Right now that link leads nowhere because I'm still working on that page.

I'll be posting this all over Facebook and stuff, and in the comments section I'll leave the link again as well as an e-mail. And half the time people FB message me anyway (which drives me NUTS, but what can you do?  )

I'm not popular enough yet to have to worry about my site crashing.


----------



## mmaria (Jul 11, 2014)

e.rose said:


> I'm so used to my 5DMKII, the T2i just felt so compact and tiny and scrunched... but I needed the 5DMKII to take the photograph so... I opted to leave the grip on to make it look more... impressive in size? I guess?


  lol I assumed it's about that


----------



## Derrel (Jul 11, 2014)

Looks great. Only two suggestions. Bullet points instead of dashes. And "hands-on" instead of hands on. And perhaps "Get your camera out of Auto mode". Really other than those nits, this looks like a totally butt-kicking advertisement for a workshop. Really a good photo for it, and very good integration of the art with the copy.


----------



## jaomul (Jul 11, 2014)

The girl could be hot, but I cant see her face


----------



## robbins.photo (Jul 11, 2014)

Wait, my camera has something other than auto mode?

Huh.


----------



## Raj_55555 (Jul 11, 2014)

Derrel said:


> this looks like a totally butt-kicking advertisement for a workshop.

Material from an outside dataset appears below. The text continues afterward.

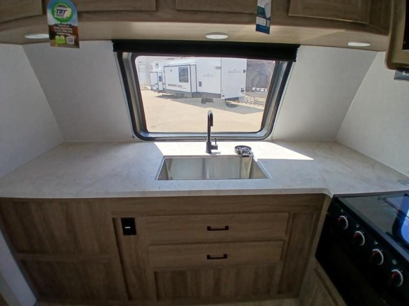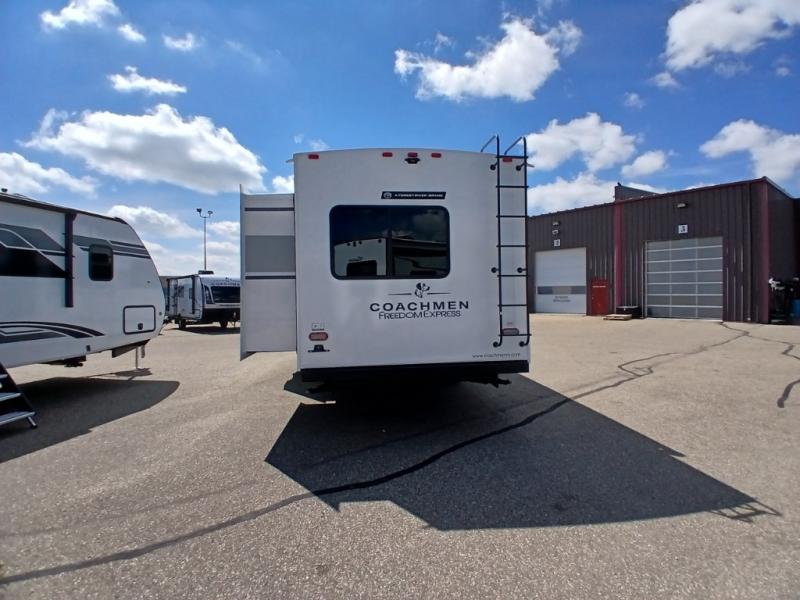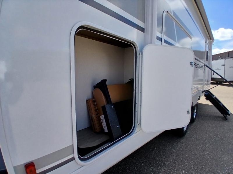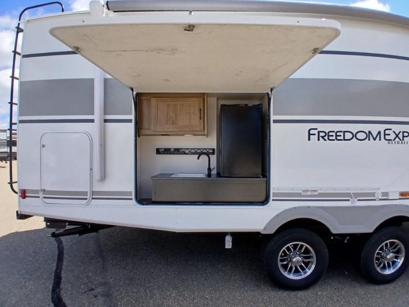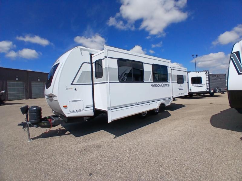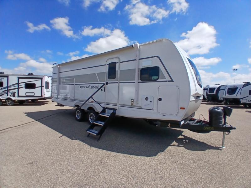 With any Freedom Express Ultra Lite travel trailer by Coachmen you will appreciate quality construction materials, such as vacuum bonded walls with Azdel composite, a 3/4 gel coated fiberglass cap with an automotive glass windshield, and a heated enclosed underbelly. Each model also features Tufflex PVC roofing, front rock guard, and E-Z Lube axles for smooth towing. Inside, you'll find kitchen backsplash, hidden hinge cabinetry, and wear-resistant vinyl flooring throughout. The power tongue jack included with the Ultra Lite Express Package will make set-up a breeze, and each model includes back-up camera prep and they are Freedom solar ready if you plan to go off-grid. Enjoy lightweight camping with a Freedom Express Ultra Lite travel trailer today!

^THIS.. It looks awesome even if you don't change anything. If I had to add something, I would say:

1. The battery grip makes me think _"she's using a battery grip, she must know what she's doing."_, from an amateurs point of view, which I guess is your intended audience here.
2. Agree with the bullet points intead of hiphens.
3. I feel the text "Westlight Studios | Franklin Tn" *MAY* look better if it was right justified and alligned with the date above. But it's something you may already have tried and not liked the result.


----------



## JimMcClain (Jul 11, 2014)

e.rose said:


> I'm so used to my 5DMKII, the T2i just felt so compact and tiny and scrunched... but I needed the 5DMKII to take the photograph so... I opted to leave the grip on to make it look more... impressive in size? I guess?


But that would be intimidating to your target audience. They prob'ly don't have a camera like that and may even suspect the workshop isn't meant for them, but for pros/serious amateurs. Get another shot just like that one, only sans battery grip so your viewers think you are talking to them, not to someone else with a better camera than they have.

The first couple posts already pointed out the other issues.

Just my opinion (based on my marketing experience).

Jim
PS: Looks like Raj beat me to the punch - he posted as I was still pecking away with 2 fingers.


----------



## e.rose (Jul 11, 2014)

Derrel said:


> Looks great. Only two suggestions. Bullet points instead of dashes. And "hands-on" instead of hands on. And perhaps "Get your camera out of Auto mode". Really other than those nits, this looks like a totally butt-kicking advertisement for a workshop. Really a good photo for it, and very good integration of the art with the copy.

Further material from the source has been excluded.